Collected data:

=== Section Start ===

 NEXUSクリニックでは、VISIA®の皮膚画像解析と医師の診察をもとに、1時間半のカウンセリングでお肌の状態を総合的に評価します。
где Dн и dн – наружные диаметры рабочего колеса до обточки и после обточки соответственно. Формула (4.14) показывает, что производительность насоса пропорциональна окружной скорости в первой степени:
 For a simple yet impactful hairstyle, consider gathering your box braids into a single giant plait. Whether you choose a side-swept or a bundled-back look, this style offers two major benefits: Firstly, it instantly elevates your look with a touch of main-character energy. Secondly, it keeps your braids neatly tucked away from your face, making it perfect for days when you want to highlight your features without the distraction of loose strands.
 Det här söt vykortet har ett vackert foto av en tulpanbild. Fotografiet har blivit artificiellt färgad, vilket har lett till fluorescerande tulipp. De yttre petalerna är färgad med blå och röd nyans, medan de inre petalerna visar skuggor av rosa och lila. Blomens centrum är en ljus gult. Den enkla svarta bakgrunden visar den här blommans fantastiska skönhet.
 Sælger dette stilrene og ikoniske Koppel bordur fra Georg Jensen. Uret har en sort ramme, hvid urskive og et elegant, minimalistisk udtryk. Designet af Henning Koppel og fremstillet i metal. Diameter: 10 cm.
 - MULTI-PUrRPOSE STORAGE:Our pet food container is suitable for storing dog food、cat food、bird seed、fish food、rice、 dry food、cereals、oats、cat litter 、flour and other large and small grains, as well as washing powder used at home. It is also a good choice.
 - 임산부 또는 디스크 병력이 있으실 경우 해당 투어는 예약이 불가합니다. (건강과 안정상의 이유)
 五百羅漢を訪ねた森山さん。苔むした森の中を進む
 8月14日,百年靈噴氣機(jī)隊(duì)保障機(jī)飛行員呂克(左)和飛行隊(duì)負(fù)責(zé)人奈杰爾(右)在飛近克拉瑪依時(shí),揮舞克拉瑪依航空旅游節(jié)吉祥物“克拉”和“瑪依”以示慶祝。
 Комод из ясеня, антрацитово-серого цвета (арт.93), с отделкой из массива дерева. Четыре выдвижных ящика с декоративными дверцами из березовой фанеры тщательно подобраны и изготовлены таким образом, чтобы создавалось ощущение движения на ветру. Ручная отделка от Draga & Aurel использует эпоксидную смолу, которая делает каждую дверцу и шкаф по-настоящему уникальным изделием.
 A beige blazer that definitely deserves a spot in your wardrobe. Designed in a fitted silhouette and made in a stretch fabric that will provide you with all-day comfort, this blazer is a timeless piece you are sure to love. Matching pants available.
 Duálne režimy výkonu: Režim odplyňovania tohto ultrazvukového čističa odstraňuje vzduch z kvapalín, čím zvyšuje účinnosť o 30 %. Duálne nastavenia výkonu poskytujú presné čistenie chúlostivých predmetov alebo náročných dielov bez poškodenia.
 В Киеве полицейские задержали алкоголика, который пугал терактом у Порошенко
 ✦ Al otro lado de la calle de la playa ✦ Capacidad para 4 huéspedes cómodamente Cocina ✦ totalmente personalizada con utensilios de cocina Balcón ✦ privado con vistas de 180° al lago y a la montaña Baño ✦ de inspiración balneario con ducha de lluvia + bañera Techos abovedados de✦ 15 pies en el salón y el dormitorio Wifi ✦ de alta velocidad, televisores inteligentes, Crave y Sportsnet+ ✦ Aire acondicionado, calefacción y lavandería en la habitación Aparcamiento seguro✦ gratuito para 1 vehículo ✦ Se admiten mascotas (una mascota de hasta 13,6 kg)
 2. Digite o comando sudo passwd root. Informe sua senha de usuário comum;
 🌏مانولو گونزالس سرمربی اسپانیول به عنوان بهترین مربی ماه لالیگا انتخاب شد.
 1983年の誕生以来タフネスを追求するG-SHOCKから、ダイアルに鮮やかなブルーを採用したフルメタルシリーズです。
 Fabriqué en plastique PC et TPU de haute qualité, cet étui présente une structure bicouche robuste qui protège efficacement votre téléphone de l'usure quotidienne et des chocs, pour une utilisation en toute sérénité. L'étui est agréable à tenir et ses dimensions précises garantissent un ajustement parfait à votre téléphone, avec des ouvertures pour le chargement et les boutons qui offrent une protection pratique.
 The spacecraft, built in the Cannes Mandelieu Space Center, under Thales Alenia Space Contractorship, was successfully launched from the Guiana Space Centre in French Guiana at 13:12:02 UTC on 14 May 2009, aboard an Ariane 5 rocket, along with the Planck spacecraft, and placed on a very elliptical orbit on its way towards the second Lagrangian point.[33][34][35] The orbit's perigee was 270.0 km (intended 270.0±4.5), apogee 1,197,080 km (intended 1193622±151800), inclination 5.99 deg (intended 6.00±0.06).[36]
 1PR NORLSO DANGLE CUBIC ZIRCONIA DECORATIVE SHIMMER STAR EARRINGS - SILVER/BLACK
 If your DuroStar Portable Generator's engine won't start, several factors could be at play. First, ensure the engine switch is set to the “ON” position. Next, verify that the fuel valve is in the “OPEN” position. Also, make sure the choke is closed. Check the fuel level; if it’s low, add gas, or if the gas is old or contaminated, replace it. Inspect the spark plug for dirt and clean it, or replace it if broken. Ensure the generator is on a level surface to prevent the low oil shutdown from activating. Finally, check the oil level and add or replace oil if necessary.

=== Section End ===

[WHAT YOU NEED TO DO]
Which lines above contain "from"? Show each of them.

[WRITTEN REPLY]
 For a simple yet impactful hairstyle, consider gathering your box braids into a single giant plait. Whether you choose a side-swept or a bundled-back look, this style offers two major benefits: Firstly, it instantly elevates your look with a touch of main-character energy. Secondly, it keeps your braids neatly tucked away from your face, making it perfect for days when you want to highlight your features without the distraction of loose strands.
 The spacecraft, built in the Cannes Mandelieu Space Center, under Thales Alenia Space Contractorship, was successfully launched from the Guiana Space Centre in French Guiana at 13:12:02 UTC on 14 May 2009, aboard an Ariane 5 rocket, along with the Planck spacecraft, and placed on a very elliptical orbit on its way towards the second Lagrangian point.[33][34][35] The orbit's perigee was 270.0 km (intended 270.0±4.5), apogee 1,197,080 km (intended 1193622±151800), inclination 5.99 deg (intended 6.00±0.06).[36]
 If your DuroStar Portable Generator's engine won't start, several factors could be at play. First, ensure the engine switch is set to the “ON” position. Next, verify that the fuel valve is in the “OPEN” position. Also, make sure the choke is closed. Check the fuel level; if it’s low, add gas, or if the gas is old or contaminated, replace it. Inspect the spark plug for dirt and clean it, or replace it if broken. Ensure the generator is on a level surface to prevent the low oil shutdown from activating. Finally, check the oil level and add or replace oil if necessary.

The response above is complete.